Mendorong kebijakan akses pangan bergizi, akses air bersih dan sanitasi serta melakukan
pemantauan dan evaluasi secara berkala.Pembangunan ekonomi makro dan mikro, rasio pajak,
peningkatan pendidikan, akses air bersih, dan pelayanan maternal neonatal secara berkelanjutan
sangat diperlukan untuk pengentasan masalah stunting.
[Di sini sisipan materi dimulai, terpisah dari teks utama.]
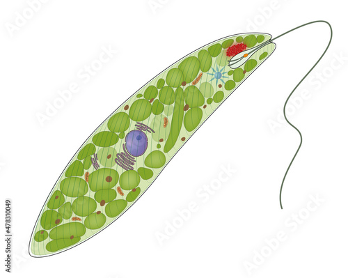 Binary fission in Euglena. Vector educational illustration. Reproduction
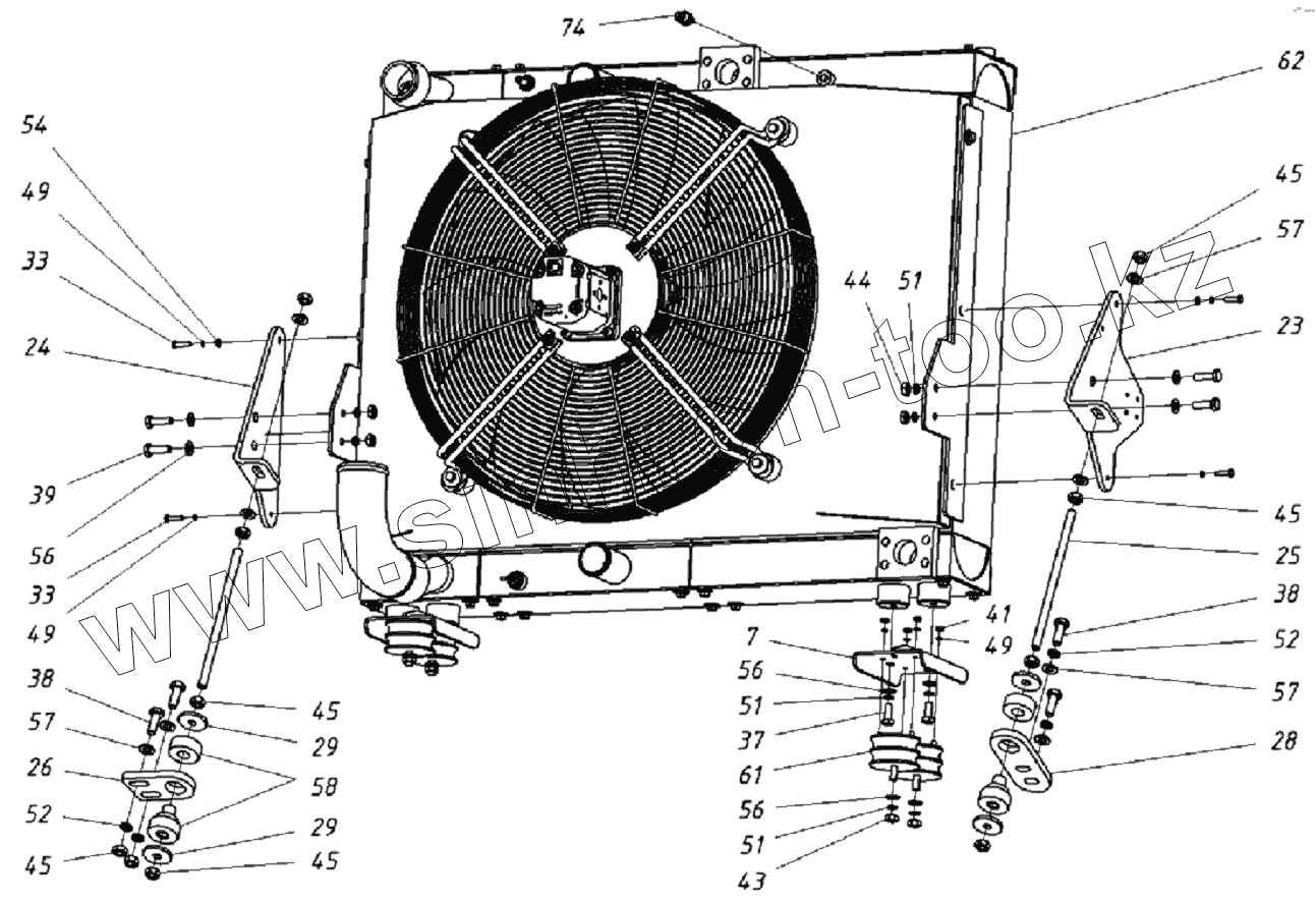 Каталог запасных частей к технике: ТВЭКС WХ-200. 202121002000 00 Радиатор с кронштейнами
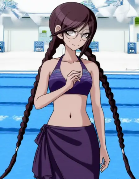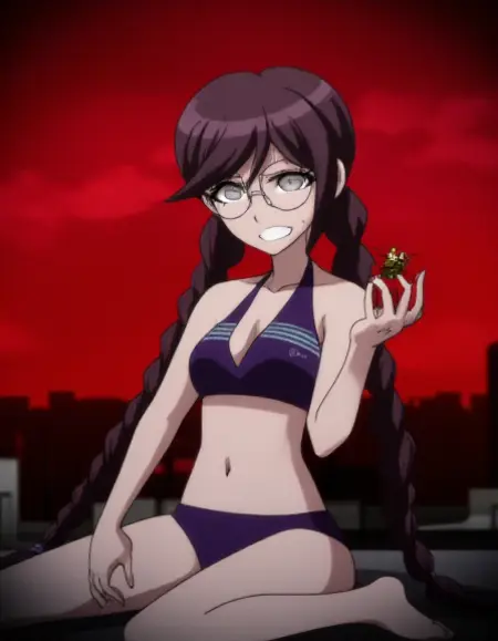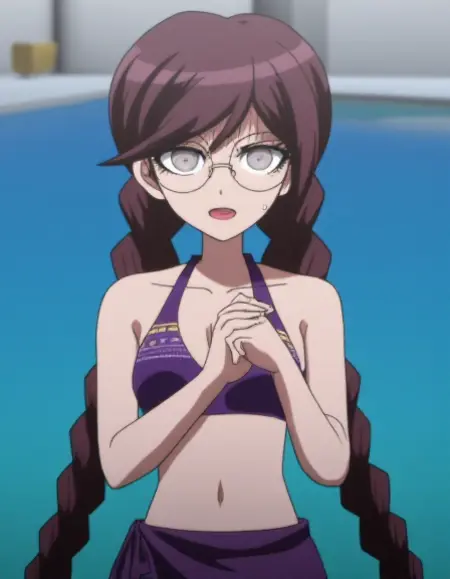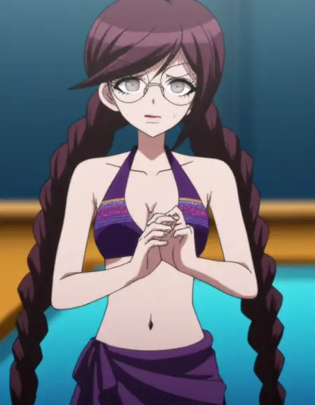 "Toko Fukawa는 Danganronpa S의 수영복을 입고 있습니다. 수영복은 보라색 비키니 상의로, 목 뒤에서 매듭을 지는 할터 스타일입니다. 하의는 보라색 워프 스타일입니다. Toko는 긴 어두운 보라색 머리카락을 뒷쪽에 두 줄로 땋아두고, 회색 눈, 큰 원형 와이어 프레임 안경을 착용하고 있습니다."
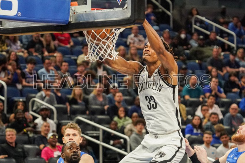 Orlando, Florida, USA, March 15, 2022, Brooklyn Nets Power Forward Nic Claxton #33 makes a dunk against the Orlando Magic at the Amway Center. (Photo Credit: Marty Jean-Louis)
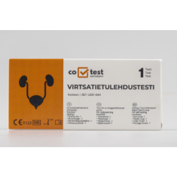 Virtsatietulehdustestillä näet helposti ja nopeasti (2 min) onko sinulla virtsatietulehdus. Co-Test virtsatietulehdustesti ei vaadi näytteen lähettämistä laboratorioon, kastat vain testiliuskan näytteeseen ja luet tuloksen verraten sitä tulosliuskaan.
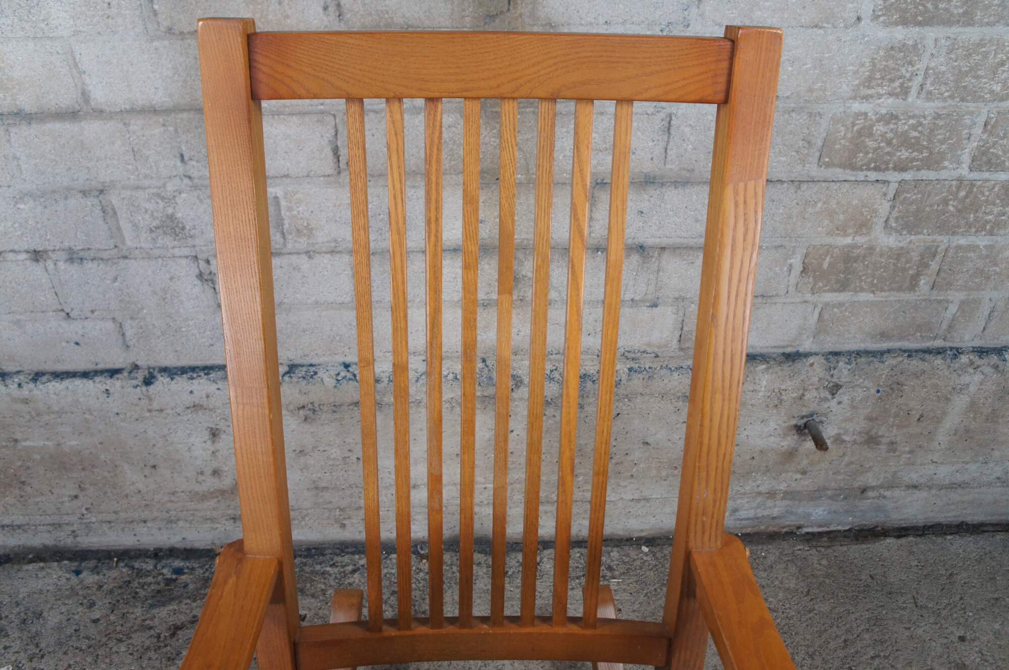 Early 21st Century rocking chair from Bassett Furniture Industries. Made from oak in Mission styling with smooth streamlined slat back and sides. The rocker features a geometric diamond pattern upholstered seat. Circa 2005
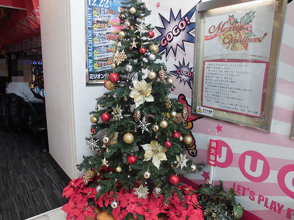 ホールの入り口には大きなクリスマスツリーが置かれており、より明るい雰囲気を演出。
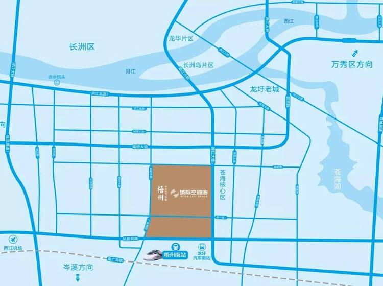 3000平方米规划国际连锁品牌幼儿园用地、红十字会苍海分院、梧州南站、梧州客运站、绿地双子塔、绿地缤纷城、铂瑞酒店
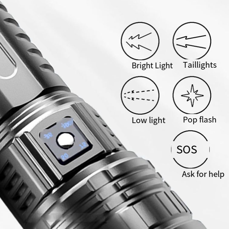 Our flashlight has 5 lighting modes, including high, medium, low, strobe, and SOS. You can easily switch between these modes to suit your needs. The high mode is perfect for brightening up a large area, while the low mode is ideal for conserving battery life. The strobe mode is great for creating a flashing light effect, and the SOS mode is perfect for emergencies.

Berdasarkan hasil identifikasi dan telah
beberapa sumber, dapat disimpulkan bahwa faktor risiko terjadinya stunting di Indonesia secara
konsisten adalah mulai dari faktor ibu, anak, dan lingkungan.Kejadian stunting meningkat pada
kondisi usia ibu saat hamil <20 atau ≥35 tahun, lingkar lengan atas ibu saat hamil ≥23,5cm,
kehamilan pada usia remaja, dan tinggi ibu yang kurang. Hal ini berlanjut ketika ibu sudah
melahirkan terkait ASI ataupun MPASI. Inisiasi menyusui dini yang tidak dilakukan, pemberian
ASI eksklusif yang tidak dilaksanakan, pemberian MPASI dini sebelum usia 6 bulan, dan kualitas
makanan yang kurang terkait asupan energi, protein, kalsium, zat besi, dan seng ditemukan dapat
meningkatkan risiko terjadinya stunting.